*** Raw data ***
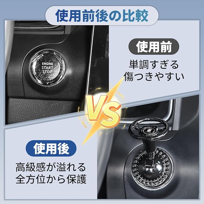 【ダメージ軽減 しっかり保護】この車用プッシュスタートは、車のスタートボタンにぴったりフィットし、塵や水分の侵入を効果的に防ぎます。長期間の接触によるボタンの錆や塗装の剥がれといった問題を避け、車の部品を全方位から保護します。これにより、後の修理や交換のコストを削減し、スタートボタンを常に新品同様の状態に保ちます。
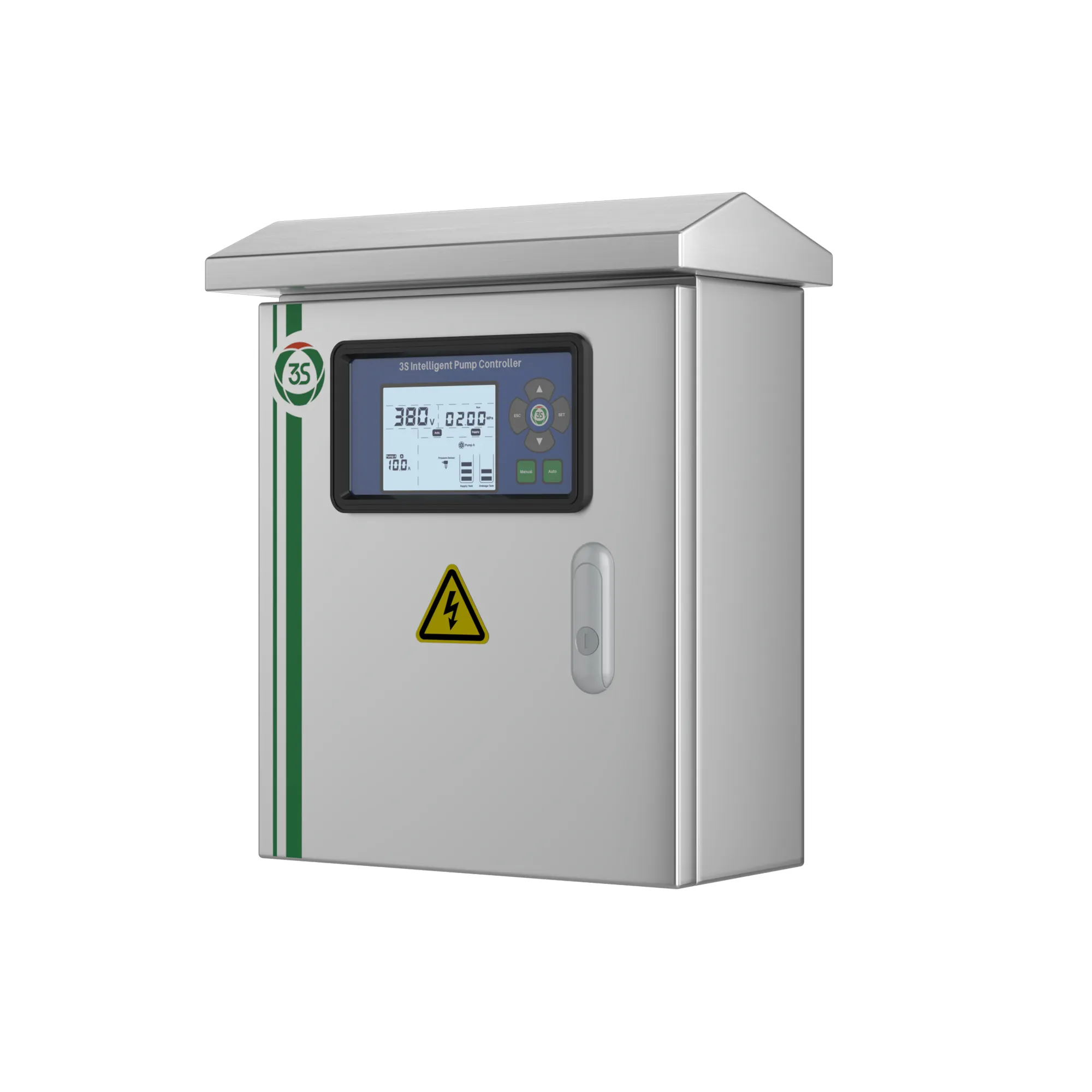 The LCD screen of the IP55 three phase pump control panel can display real-time operating status, voltage and current, water tower liquid level, fault codes and other information.
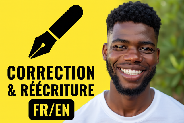 réécrivain et correcteur bilingue (FR/EN). Je prends vos textes tels qu’ils sont et je les transforme pour qu’ils soient impeccables, cohérents et agréables à lire. J’assure une réécriture stylistique quand le fond est bon mais la forme manque d’impact, et une correction rigoureuse quand il s’agit de supprimer fautes, maladresses et incohérences. Mon objectif: livrer un texte qui respecte votre intention et parle réellement à votre public.
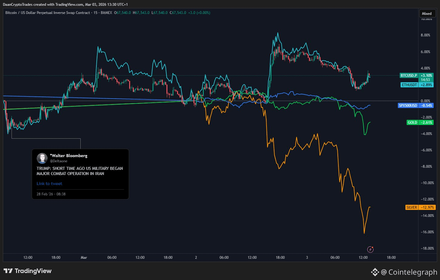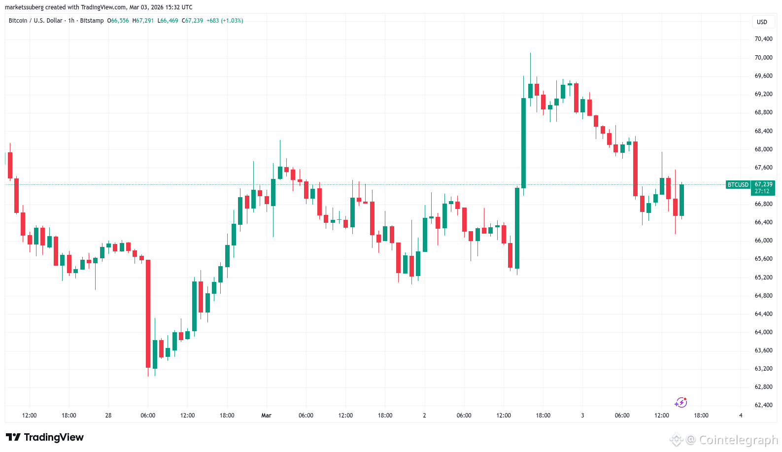 Bitcoin (BTC) erased its latest trip to $70,000 on Tuesday as Middle East tensions sparked a global asset sell-off.
*** End of Raw data ***
Everything in the listing above must be restated word for word, except the images.

**Your response:**
 【ダメージ軽減 しっかり保護】この車用プッシュスタートは、車のスタートボタンにぴったりフィットし、塵や水分の侵入を効果的に防ぎます。長期間の接触によるボタンの錆や塗装の剥がれといった問題を避け、車の部品を全方位から保護します。これにより、後の修理や交換のコストを削減し、スタートボタンを常に新品同様の状態に保ちます。
 The LCD screen of the IP55 three phase pump control panel can display real-time operating status, voltage and current, water tower liquid level, fault codes and other information.
 réécrivain et correcteur bilingue (FR/EN). Je prends vos textes tels qu’ils sont et je les transforme pour qu’ils soient impeccables, cohérents et agréables à lire. J’assure une réécriture stylistique quand le fond est bon mais la forme manque d’impact, et une correction rigoureuse quand il s’agit de supprimer fautes, maladresses et incohérences. Mon objectif: livrer un texte qui respecte votre intention et parle réellement à votre public.
 Bitcoin (BTC) erased its latest trip to $70,000 on Tuesday as Middle East tensions sparked a global asset sell-off.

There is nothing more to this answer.